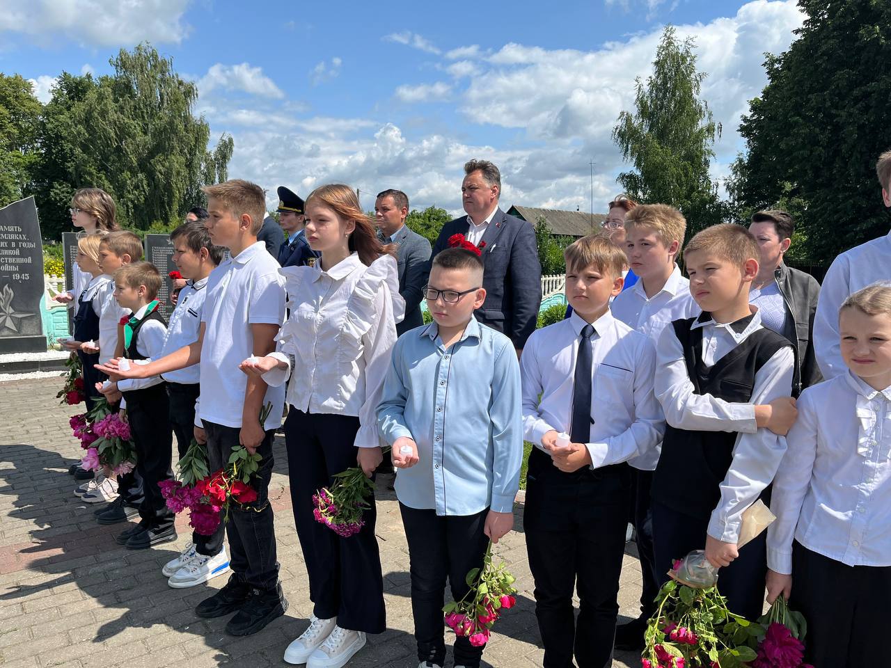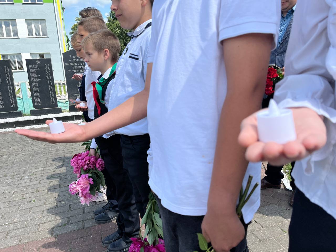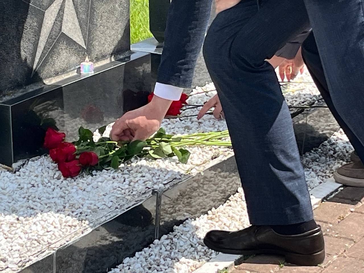 Память погибших почтили минутой молчания, зажгли символичные свечи и возложили цветы к мемориалу.
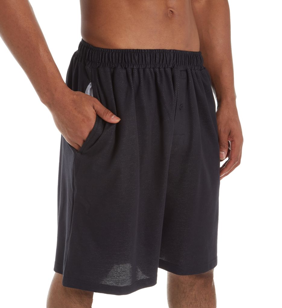 This lightweight, extended size lounge short features on-seam side pockets. Made of cotton/polyester. Covered elastic waistband has interior drawstring ties at front to adjust fit. Button fly-front with placket cover, with one functional button. On-seam pockets. Tagless Relaxed fit. Open fly. Lightweight, semi-sheer woven is great for warm weather lounging and sleeping. Hanes Men's Big & Tall Lounge Short in Black (4253) | Size 9XL | HisRoom.com
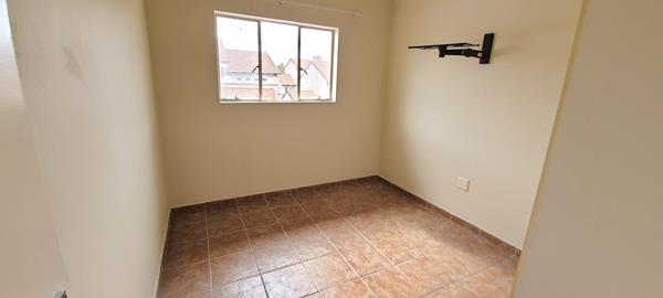 Spacious upstairs unit with open plan dining area and kitchen with plenty cupboard space and allows for undercounter appliances. Lounge opens onto a balcony, complete with built in braai. Main bedroom with en-suite bathroom. 2 additional bedrooms with an additional bathroom. Extra cupboards, fully tiled. 1 garage for the unit. The complex offers communal pool. Close to shopping centres, easy access to major roads and highways.
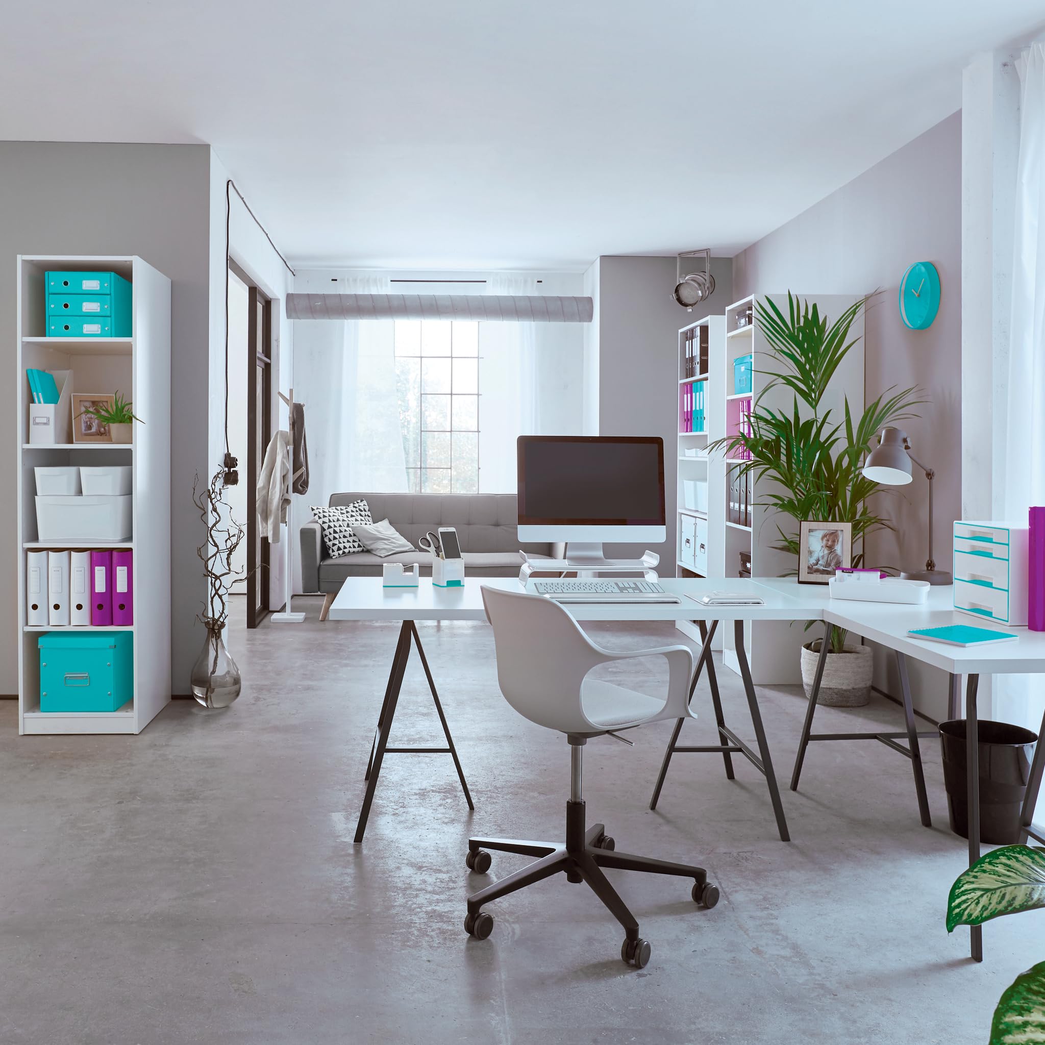 Multifunktionaler Ordner in leuchtender violetter Metallic-Farbe, Rückenbreite 6, 5 cm, Zur Ablage von ca. 350 Blatt (80 g/m²), Für Zuhause, in der Schule, im Büro oder Unterwegs, A4. Leichte Beschriftung des Etiketts, Individuelle Gestaltung der Etiketten dank Leitz-EasyPrint auf der Leitz-Homepage, Inkl. Selbstklebendem Etikett. 50 Prozent weiteres Öffnen und 20 Prozent schnelleres, beidseitiges Abheften dank stabiler, patentierter 180 Grad-Präzisionsmechanik, Hohe Schliesskraft, Gummiband zum Zusammenhalten des Ordners für sicheren Transport. Leichtes Polyfoam (2, 8 mm), Runder Rücken mit Griffloch für leichteres Tragen, 3 Innentaschen für lose Unterlagen, Visitenkarten und Stift, Schonung der Möbel dank nicht kratzender Oberfläche.
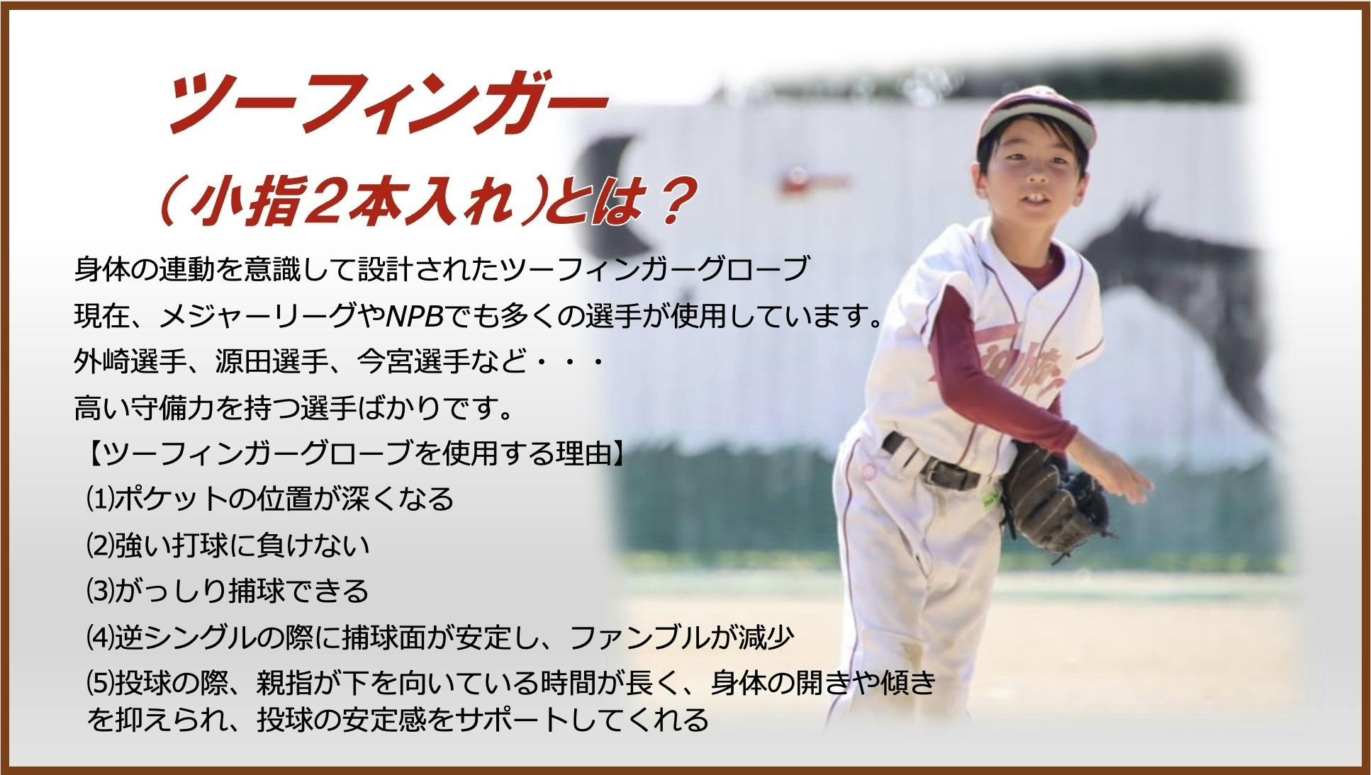 このグローブは誰が使っても取りやすいよう、捕球面(ポケット)を広く作り、ボールがグローブに入ると勝手に閉じてくれます。また、ツーフィンガー(小指2本入り)にすることにより、一般的なグローブより捕球時に力が入り、ポケットが深くなる為、ボールを掴みやすい設計となります。ボールをしっかりと包み込むのでエラーが少なくなり、より野球が楽しくなると思います。是非皆様にご使用いただけると幸いです。
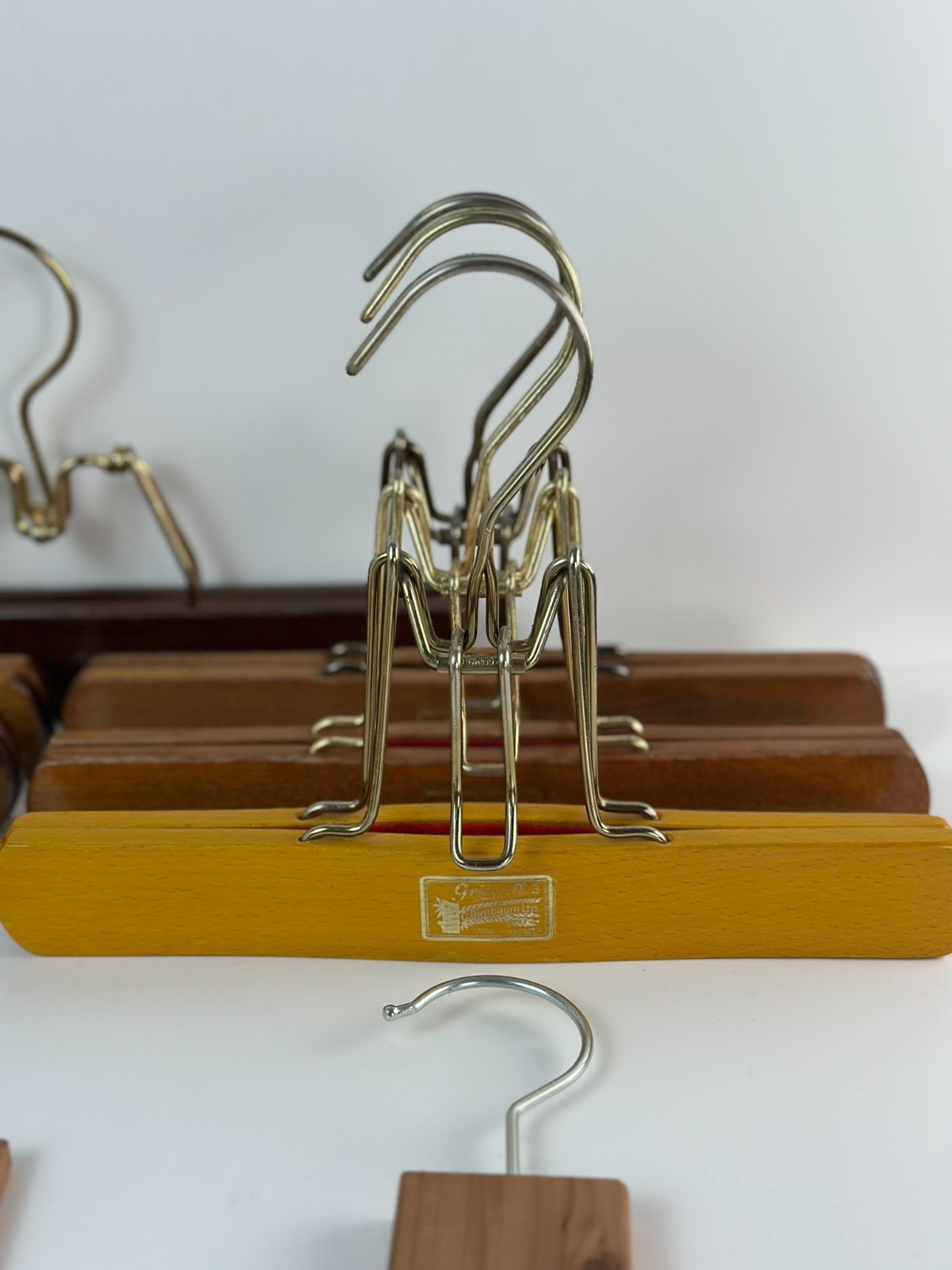 как выглядит Vintage West Germany Wooden Hangers Lot 10 Grapewell Birnbaum Cedar Closet Block фото
-=-=-=-=-
Work task
Reproduce the entries exactly, from the line with "This lightweight, extended" to the line with "Spacious upstairs unit", both lines included, keeping no pictures.

The answer
 This lightweight, extended size lounge short features on-seam side pockets. Made of cotton/polyester. Covered elastic waistband has interior drawstring ties at front to adjust fit. Button fly-front with placket cover, with one functional button. On-seam pockets. Tagless Relaxed fit. Open fly. Lightweight, semi-sheer woven is great for warm weather lounging and sleeping. Hanes Men's Big & Tall Lounge Short in Black (4253) | Size 9XL | HisRoom.com
 Spacious upstairs unit with open plan dining area and kitchen with plenty cupboard space and allows for undercounter appliances. Lounge opens onto a balcony, complete with built in braai. Main bedroom with en-suite bathroom. 2 additional bedrooms with an additional bathroom. Extra cupboards, fully tiled. 1 garage for the unit. The complex offers communal pool. Close to shopping centres, easy access to major roads and highways.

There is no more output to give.